First, an environment in which the printer compatible with the page description language is used will be described with reference to FIG. In the figure, 1a to 1c are clients such as workstations, 2a to 2c are page description language information output from the clients, 3 is a network, 4 is a printer compatible with the page description language, and 5 is a page description input to the printer 4. This is print information of language information.

The printer 4 comprises a printer control device 6 and a recording device 12. Reference numeral 13 indicates a printed sheet.

Next, the detailed configuration of the printer control device 6 in the printer for page description language will be described with reference to FIG. In the figure, 7 is a communication protocol control unit,
Reference numeral 8 is an image generator, 10 is an interface with the recording device 12, and 11 is a disk. Further, 9 is bit image information output from the image generating unit 8,
Reference numeral 14 is a paper feed instruction signal output from the communication protocol control unit 7.

Next, the operation of the conventional page description language printer 4 having the above construction will be described.

When the print information 5 is input to the communication protocol control unit 7 of the printer control device 6, the communication protocol control unit 7 sends the print information 5 to the image generation unit 8 and instructs the recording device 12 to feed paper. The signal 14 is output.

The image generator 8 converts the input print information 5 into bit image information in the format required by the recording device 12 and outputs it. The bit image information 9 converted by the image generator 8 is sent to the recording device 12 via the interface 10 at an appropriate timing. The bit image information 9 is temporarily stored in the disk 11 as needed.
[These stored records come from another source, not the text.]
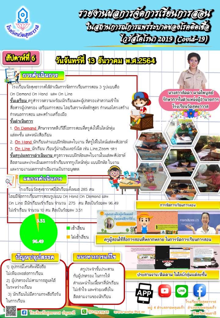 รายงานผลการจัดการเรียนการสอนในสถานการณ์การแพร่ระบาดของโรคติดเชื้อไวรัสโคโรนา 2019 (COVID-19) ภาคเรียนที่ 2 สัปดาห์ที่ 6
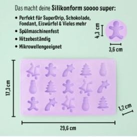 Met deze siliconen mal maak je in een handomdraai prachtige kerstfiguurtjes. Verwarm SuperDrip volgens de instructie op de fles, giet het in de mal en laat de figuren uitharden op kamertemperatuur. Na een paar minuten kun je ze eenvoudig uit de mal halen en op je taart of gebak plaatsen.
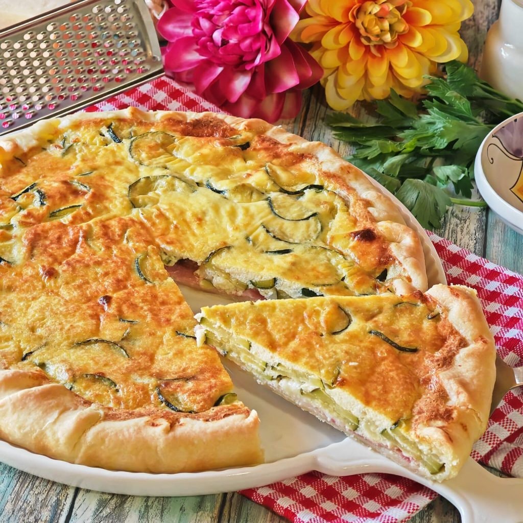 La tarte avec courgettes et jambon est une recette simple et délicieuse, idéale pour un dîner rapide en famille ou entre amis. Les tartes salées sont toujours des plats parfaits « sauvedîner », elles se préparent en peu de temps et sont très appréciées de tous.
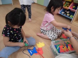 りんご組さんはひも通しをしました。
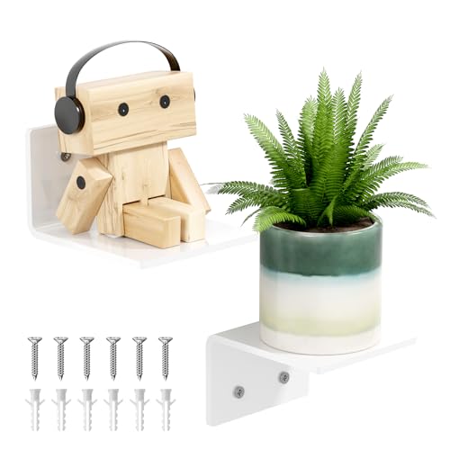 HENGBIRD Svävande hylla vägg set om 2, mini svävande hylla vit akryl svävande hylla vägg vägghylla tavelremsa vit för sovrum badrum kök kryddhylla vägg vardagsrum kontor djup 10 cm x bredd 23 cm
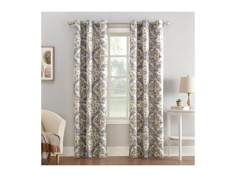 - (1) Sun Zero Regina Floral Watercolor Energy Efficient Grommet Curtain Panel, 40" x 84", Gray
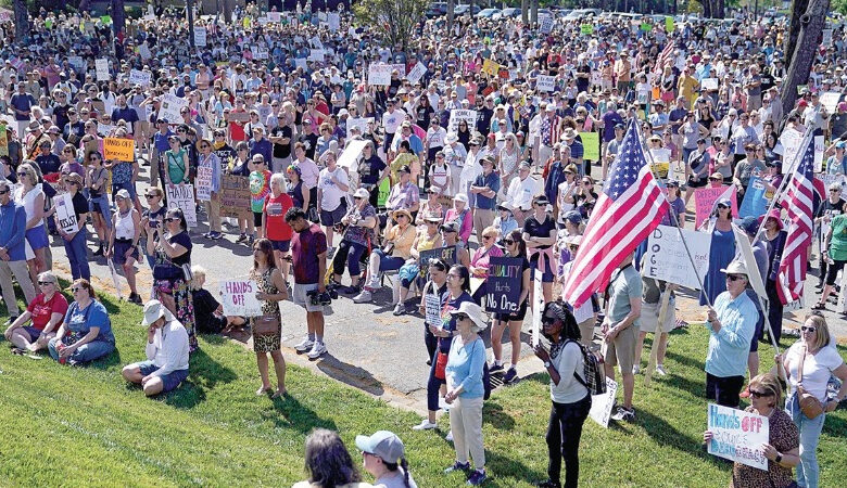 வர்த்தக வரி விதிப்பு, அரசுப் பணிகளில் ஆட்குறைப்பு, மக்களின் சுதந்திரத்தை பறிக்கும் நடவடிக்கைகளில் டொனால்டு ட்ரம்ப் எல்லை மீறி செயல்படுவதாக கூறி, வாஷிங்டன், நியூயார்க், ஹுஸ்டன், ப்ளோரிடா, கொலராடோ, லாஸ் ஏஞ்சல் உள்ளிட்ட அமெரிக்காவின் முக்கிய நகரங்களில் நேற்று முன்தினம் பல்லாயிரக்கணக்கானோர் ஒன்று திரண்டு ட்ரம்புக்கு எதிரான முழக்கங்களை எழுப்பினர்.
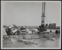 Kansas Turnpike - Crane is damaged on roadway in Kaw river north of Lawrence.
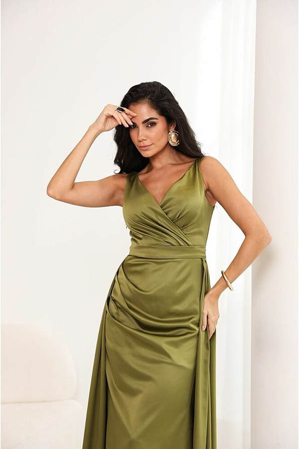 VESTIDO LONGO COM SAIA REMOVIVEL CETIM LYCRA
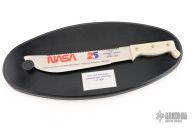 This exact replica of the original Astronaut's Survival Knife carried on manned space flights and used in survival training. The blade is made from CASE's Tru-Sharp surgical steel with a fine glazed finish, polished and honed edge, and a saw tooth blade back. This knife was Issued in year 1983 by the CASE KNIFE MANUFACTURING CO. to honor the accomplishments of the National Aeronautics and Space Administration during the first 25 years, and for continued success in the next 25 years. The handle is made of a white polypropylene. Three color artwork of the NASA 25th Anniversary Logo appears on the blade. An attractive black wall plaque is included for wall display. This special NASA Commemorative was manufactured in a limited edition of 1000 units. This knife is #0715.

Upon receiving the paper feed instruction signal 14 from the printer control device 6, the recording device 12 feeds one sheet of paper.
The fed paper is sent to the print position at an appropriate timing, and the bit image information input at the appropriate timing is printed at the print position. Then, the printed paper 13 is ejected.

[0010]

In the conventional printer control device 6 described above, the processing time per page in the image generating section 8, that is, the conversion time into a bit image, is greatly changed depending on the contents of the page description language information. different.
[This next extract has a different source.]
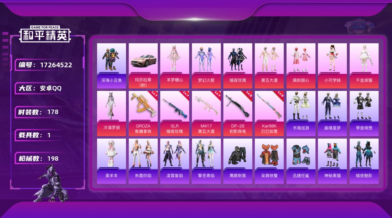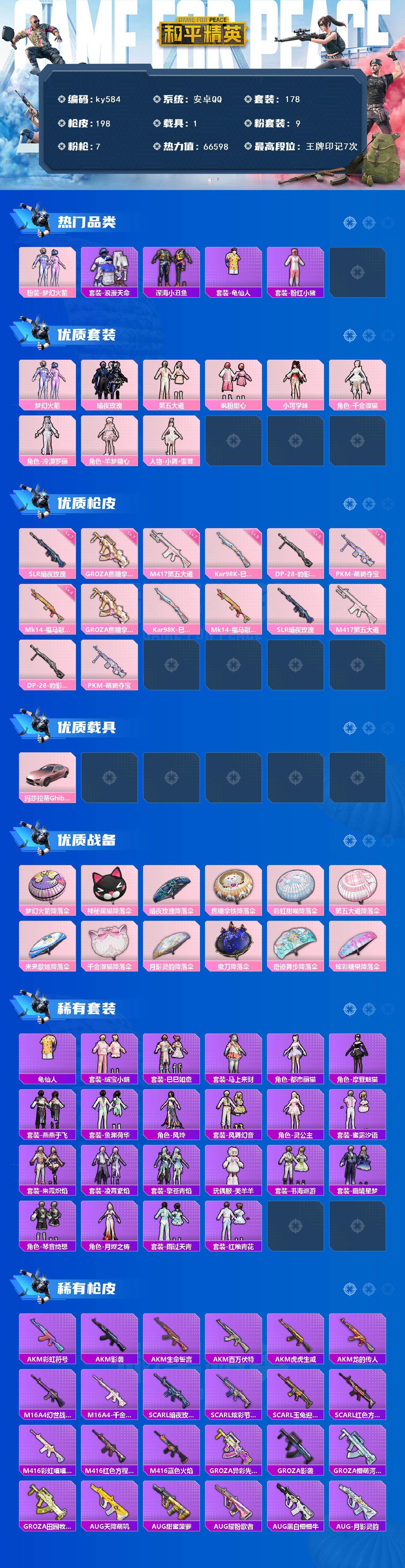 [17264522]安卓 手Q-9粉装-7特效枪-1载具-0粉色飞行器-66598热力值-7王牌印记-178套装-198枪皮 【热门品类】:粉装-梦幻火箭,套装-浪漫天命,套装-深海小丑鱼,套装-龟仙人,套装-粉红小猪 【粉色套装】:粉装-梦幻火箭,粉装-暗夜玫瑰,粉装-第五大道,粉装-飒粉甜心,角色-小可学妹,角色-千金淑猫,角色-冷漠罗丽,角色-羊梦糖心,人物-小舞·雪昙 【粉色枪皮等级】:GROZA-焦糖拿铁(七级),Kar98K-巳巳如意(五级),Mk14-福马献瑞(四级),SLR-暗夜玫瑰(七级),M417-第五大道(七级),DP-28-豹影疾电(五级),PKM-萌骑夺宝(五级) 【粉色载具】:玛莎拉蒂Ghibli(粉) 【粉色枪皮】:GROZA-焦糖拿铁,Kar98K-巳巳如意,Mk14-福马献瑞,SLR-暗夜玫瑰,M417-第五大道,DP-28-豹影疾电,PKM-萌骑夺宝 【粉色降落伞】:梦幻火箭降落伞,神秘黑猫降落伞,暗夜玫瑰降落伞,焦糖拿铁降落伞,彩虹甜喵降落伞,第五大道降落伞,未来歌姬降落伞,千金淑猫降落伞,月影灵韵降落伞,鬼刀降落伞,奇迹舞步降落伞,炫彩糖果降落伞 【稀有套装】:套装-龟仙人,套装-绒宝小鹅,套装-巳巳如意,套装-雪国风尚,套装-马上来财,角色-都市丽猫,角色-摩登魅猫,套装-燕燕于飞,套装-鱼渊荷华,角色-风玲,套装-风舞幻音,角色-灵公主,套装-蜜露汐语,套装-朱霞炽焰,套装-凌霄紫焰,套装-擎苍青焰,玩偶服-美羊羊,套装-书海巡游,套装-画境星梦,套装-琴音绮想,角色-月烬之祷,套装-雨过天青,套装-红釉青花 【稀有枪皮】:AKM-彩虹符号,AKM-影袭,AKM-生命誓言,AKM-百万伏特,AKM-虎虎生威,AKM-龙的传人,M16A4-幻世战舞者,M16A4-千金淑猫,SCAR-L-暗夜玫瑰,SCAR-L-炫彩节奏,SCAR-L-玉兔迎春,SCAR-L-红色方程式,M416-彩虹嘻嘻猴,M416-红色方程式,M416-蓝色火焰,GROZA-异彩先驱,GROZA-影袭,GROZA-懵萌河马,GROZA-田园牧歌,AUG-天降萌叽,AUG-甜蜜菠萝,AUG-耀粉歌者,AUG-黑白懵懵牛,AUG-月影灵韵,QBZ-彩虹符号,M762-天降萌叽,M762-深海曼妙,M762-瑞龙福将,M762-第五大道,Mk47-妙红点点,G36C-懵萌河马,G

Therefore, a plurality of pages (for example, 7-1
In a high-speed printer that continuously captures two sheets of recording paper into the printing mechanism of the recording device 12 and performs high-speed printing, page description language information that requires a long time to develop a bit image in the image generation unit 8 is generated. When it comes, the bit image development is not completed by the recording timing, and the taken-in paper is output without being printed.

When such a situation occurs, conventionally, a measure has been taken to discard the paper which is output without being printed and to perform the processing again. With this measure, it has become possible to avoid the situation where incomplete print information is output, but there are problems that the processing time is delayed and it takes time to process the discarded paper.

Further, in the case of double-sided printing, if the above-mentioned trouble occurs on the back side even though the front side is printed well, this sheet will be discarded, and printing will be performed again from the front side information. There is a problem that not only is it troublesome to control, but also processing time is wasted and time is wasted.

As the prior art related to the present invention,
For example, JP-A-1-109422 and JP-A-2-71
There is one disclosed in Japanese Patent No. 20.

An object of the present invention is to eliminate the above-mentioned problems of the prior art and to provide a print control device capable of printing correctly even if page description language information that requires a long time for bit image development is input. .

[0016]

In order to achieve the above object, the invention of claim 1 takes print information described in a page description language as input, develops the print information into a bit image, and prints it in a printer. In a printer control device for sending to a mechanism, a work amount predicting means for predicting a work amount required for developing the print information into a bit image for each page, and when the predicted work amount exceeds a planned amount, It is characterized in that it is provided with a means for outputting a signal for adjusting the timing of feeding instruction.

According to a second aspect of the present invention, when the predicted work amount exceeds a predetermined work amount, the hardware or software resource in the printer control device necessary for bit image development is distributed based on the work amount. The feature is that it is equipped with a means for reworking.

According to a third aspect of the present invention, when the predicted amount of work exceeds a predetermined amount, means for distributing the work for developing the print information into bit images to a bit image developing means connected to a network. It is characterized in that it is equipped with.

[0019]

According to the first aspect of the present invention, when the amount of work required to develop the bit image is larger than the planned amount, the timing of the paper feed instruction is adjusted so that the bit image generation is completed. The paper feed timing can be synchronized.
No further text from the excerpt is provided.